Houston failed in the red zone twice against Miami. The first drive failed, thanks to a blown block and a sack on second down. The second red-zone drive ended as Schaub took pressure in his face and misfired on third down.
The Texans' offensive line likely won't have the same problem with the Jaguars pass rush as it did against Miami. The Dolphins had the better pass rush in 2011, and Jacksonville generated little heat on Christian Ponder in Week 1.
Houston will look to keep Andre Branch neutralized for the second straight week. He was tossed around like a rag doll by Matt Kalil of Minnesota, and Duane Brown will seek to treat him roughly as well.
If Cox doesn't play, Houston should have no trouble going to Andre Johnson and Owen Daniels as often as they wish. The Jaguars gave up big yards to Percy Harvin and Kyle Rudolph last week, so the Texans' lack of a big threat at the second-receiver spot shouldn't hurt.
As long as Houston hangs on to the football, there's no reason they shouldn't be able to execute their game plan of letting Arian Foster, Schaub, Johnson and Daniels do the heavy lifting.
If Gabbert really is better in the pocket and under a rush, the Texans are going to make him prove it.
Jacksonville simply doesn't have the offense to punish the Texans deep on blitzes, so Houston will be free to completely tee off.
Against Miami, they threw every kind of look possible at Ryan Tannehill.
They lined up in a classic Cover 2 Shell.
They ran a 5-2.
They brought seven men up on the line, blitzing five, and making the Dolphins guess who was dropping into coverage.
Wade Phillips will likely construct the same kind of diverse looks for the Jaguars. It's anyone's guess as to what the quarterback will see from play to play. That makes it difficult for a young quarterback like Gabbert to ever feel comfortable in his pre-snap read.
Houston will have to contend with Maurice Jones-Drew at some point in the game. It has been said before, but the Texans can be had in the middle of the field. Teams will have to be committed to running the ball to beat them, however.
Houston will be more than content to let the Jaguars inch up and down the field, knowing that on any long-yardage play, they will have the opportunity to overwhelm the Jaguars' line and create turnovers.
It's a carbon copy of what they did last week, as the Texans will dare Jacksonville stop them.
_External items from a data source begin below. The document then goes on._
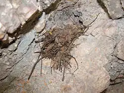 Каньонный длинноклювый крапивник обычно гнездится на скальных стенах, утесах, обнажениях; некоторые гнезда прикрепляются с помощью палок и сучьев к граням скал в пещерах. Гнезда часто защищены выступающей скальной полкой, и часто находятся в небольшой расщелине или отверстии, которое скрывает их от посторонних глаз. Может также строить гнезда в сооружениях, созданных человеком, таких как шахтные стволы, заборы, веранды, амбары и иногда искусственные гнёзда[5].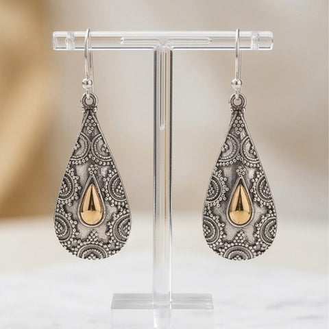 Bali Puri Handcrafted Teardrop Earrings – Sterling Silver & Gold Mixed Metal Dangles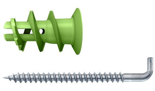 Das Granulat zur Herstellung des fischer Gipskartondübels GK Green wird mindestens zur Hälfte aus nachwachsenden Rohstoffen gewonnen. Diese stehen nicht in Konkurrenz zu Anbauflächen für Nahrungs- und Futtermittel. Der Gipskartondübel GK Green H verfügt über die gleichen Leistungsmerkmale und Tragfähigkeit wie das Original. Der Dübel wird in der Vorsteckmontage mit dem beigefügten Setzwerkzeug mit einem Akku-Schrauber oberflächenbündig in Gipskartonplatten eingedreht. Bis 15 mm Plattenstärke ist kein Vorbohren notwendig. Der fischer GK Green H wird komplett mitHakengeliefert. Dadurch ist er geeignet, um Bilder, Leuchten und Elektroinstallationen sicher und schnell zu befestigen.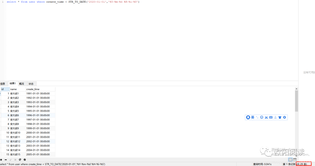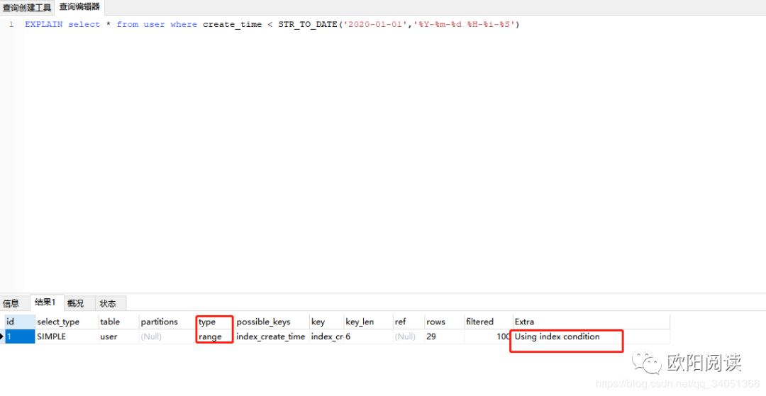 3.用create_time<2020-01-01 作为条件进行查询,查询出29条数据,并explain 解释一下,发现用了索引。

This is not the mismatch some believe. Houston has just one win in their last four trips to Jacksonville, and that came last year by just a touchdown.
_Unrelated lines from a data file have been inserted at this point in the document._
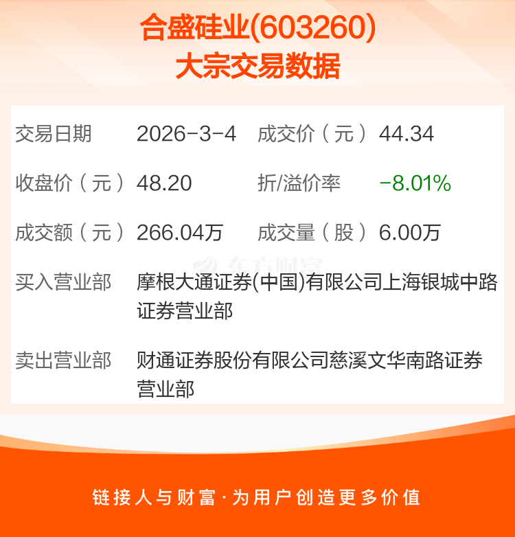 2026年3月4日,合盛硅业发生1笔大宗交易,共成交6.00万股,成交金额266.04万元。
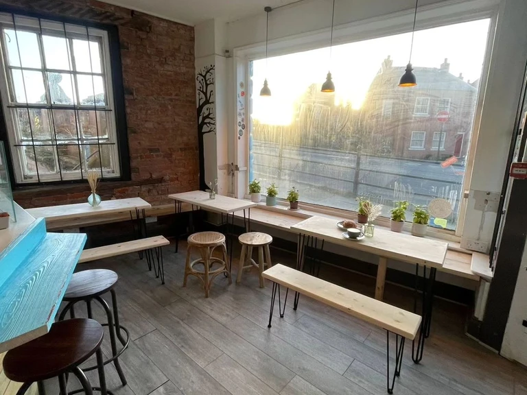 We’re a small shop, so you’re looking at space for your laptop and not much more. But our fantastic atmophere and great stuff and customers makes this a great spot for a bit of relaxed working. The people watching out onto The English Bridge is pretty good too!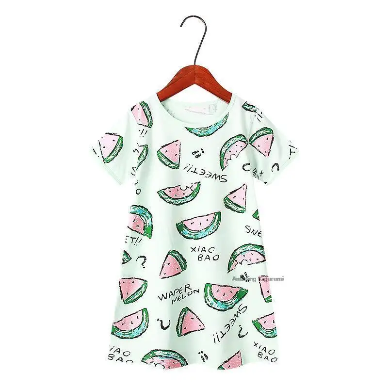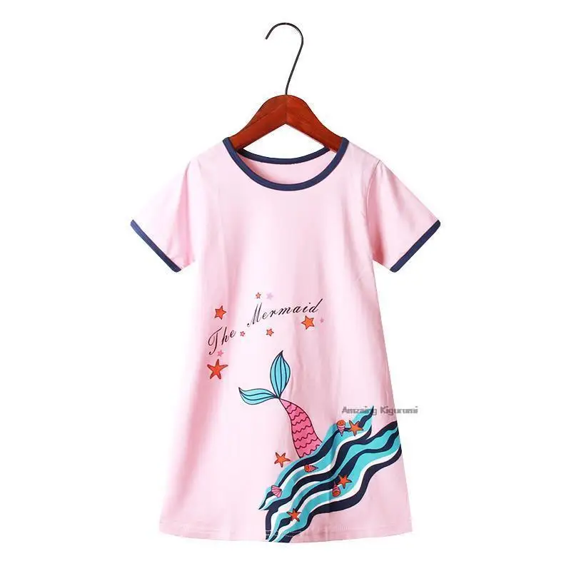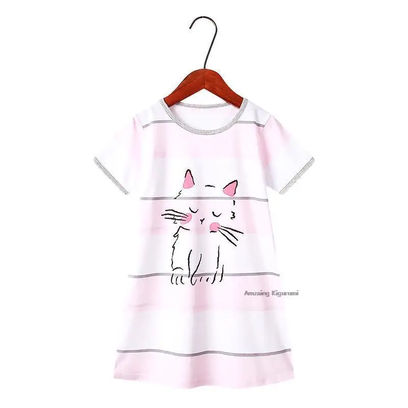 Летняя Детская оригинальная Пижама, Детская ночная рубашка с коротким рукавом, 100% хлопок, детское спальное платье для ребенка, платье для девочки

Make no mistake, Houston is the pick in this game, and it's unlikely they come in soft, having overlooked the Jaguars. If they do, they are vulnerable.
Still, a team like Houston isn't going to change what the do to stop the Jaguars. They are going to try and dictate terms of the fight.
The Texans look focused and locked in. It's early in the season, and I can't see Houston trying to take a week off this soon.
Look for the Texans to prevail in a close, even-tense game.